Jane Mayer’s Far-Too-Late Defense of Al Franken Shows Just How Broken the News Media Really Is


Back when in 2017, when Al Franken was forced resign from the Senate under a dark cloud of sexual harassment allegations, I was one of few people to defend him against what sure seemed to be a rush to judgement. In Mediaite, on television, and in USA Today, I argued, despite being a conservative who doesn’t even like Franken, that the evidence against him was very suspect. Mostly because the story of his primary accuser, LeeAnn Tweeden, had significant problems.

Today, in The New Yorker, Jane Mayer has written an extremely long piece revisiting the entire controversy and concluding that — get this — Tweeden’s story isn’t credible and that Franken was railroaded by a rush to judgement by the news media and Democratic senators. When I read the essay, written by a #MeToo supporter with whom I have clashed via emails over her very negative coverage of Brett Kavanaugh, my head was spinning.

Now that I have regained my bearings, there are two aspects of this story that I would like to address. The first is Tweeden’s allegations against Franken, and the second is how this entire fiasco is a yet another damning indictment of the modern news media.

As for Franken and Tweeden, Mayer did a pretty decent job of outlining the major credibility issues surrounding the allegation of the model turned radio “news” personality. Of particular importance was the nature of how her account was immediately treated as a reputable “news” story, when it was really just an un-vetted opinion piece on the website of a lowly-rated conservative talk radio station in Los Angeles (against which I once competed).

Since much of the case against Franken centers around that infamous photo of him stupidly pretending to grope Tweeden on a USO trip, I was surprised Mayer didn’t use some of the images which tell a very different side of this saga. While Mayer only referenced the first one, here are the two photos which raise the largest red flags about Tweeden’s account.

The first is Tweeden attending, across the country from her home, a USO event in honor of Franken, three years after the alleged harassment, and clearly joking around in the VIP room with him. The second is Tweeden tweeting nostalgically about the very USO trip where she later claimed Franken was abusive towards her.

I get that in the post #MeToo era there is no longer any evidence that can help exonerate a prominent man, especially one with powerful political enemies, who is accused of such bad behavior. But these photos alone, which were well known before Franken was forced to resign (though I had to go through an absurd amount of vetting to prove their existence to USA Today), should have at least put the brakes on the crazed rush to judgment against him, and allowed for all the facts to be rationally considered before he resigned.

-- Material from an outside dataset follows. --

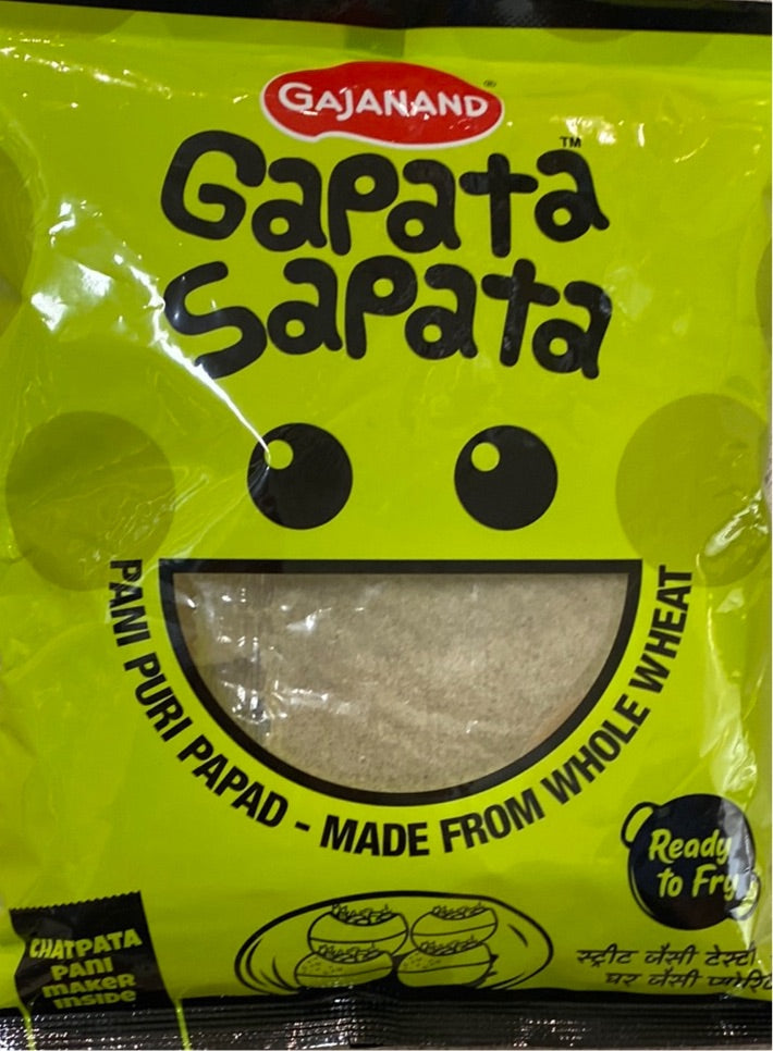 Pani Puri Papad Gapata Sapata – 200 g – Crispy, ready-to-fry whole wheat pani puri pellets for homemade golgappa/puchka. Comes with a sachet of chatpata masala to quickly prepare tangy tamarind-mint pani—ideal for fuss-free gatherings or street-style snacking at home.

Since Franken isn’t coming back anytime soon, the larger issue here may be what all of this says about our fundamentally broken news media, especially in the realm of how these types of allegations are now evaluated. Frankly, the news media has catastrophically failed at every turn of this saga.

The news media rushed to judgement here because of the post-#MeToo timing and a strong desire to expose Republican hypocrisy over their support of Roy Moore’s senate bid in Alabama. They never gave Tweeden, or the accusers which suddenly followed her (all of which also had issues), any scrutiny, or Franken, who handled the whole crisis like a naïve wuss, a remotely fair hearing.

Now, the only major media outlet to revisit this story, way too late, has done so via the work of Mayer, who is a well-known #MeToo crusader who went out of her way, along with colleague Ronan Farrow, to resuscitate an extremely old and dubious account against Brett Kavanaugh from his days at Yale. I confronted Mayer via email at that time, provoking an extended exchange which I found to be mind-blowing in the way in which she meekly defended her suspect reporting of a case that, in my view, had all the makings of an urban legend.

The hypocrisy of the dramatically disparate standards for how to evaluate an allegation that Mayer is now using to defend Franken in comparison to how she chose to prop up an even less credible claim against Kavanaugh is obvious. It is also in keeping with the political bias of both her and her publication.

But just because she was wrong about Kavanaugh doesn’t mean she isn’t dead-on about Franken. Somewhat hilariously and quite tellingly, however, most of the media reaction to her vindication of Franken, on both the left and right, has been extremely negative.

Liberals don’t want to admit that they were wrong to allow one of their own to be needlessly sacrificed on the altar of #MeToo, and are offended that Mayer, by breaking the new rules of the movement, may be now allowing future accusers to actually be scrutinized. Conservatives also don’t want to admit they were wrong about Franken, and see her work on Kavanaugh as having disqualified her from having a credible say on these matters (though I am pretty darn sure that if she had written a “mea culpa” about Kavanaugh she would be hailed as a heroine by the right today).

So, we now live in a media environment where people get praised for telling popular falsehoods, and then attacked for correcting the record in a way which makes the media feel badly about themselves for having been wrong. Since humans are creatures of self-interest, this is exactly why false stories which have an audience will continue to gain traction, and correcting narratives in which the news media is emotionally invested is now virtually impossible.


This is an opinion piece. The views expressed in this article are those of just the author.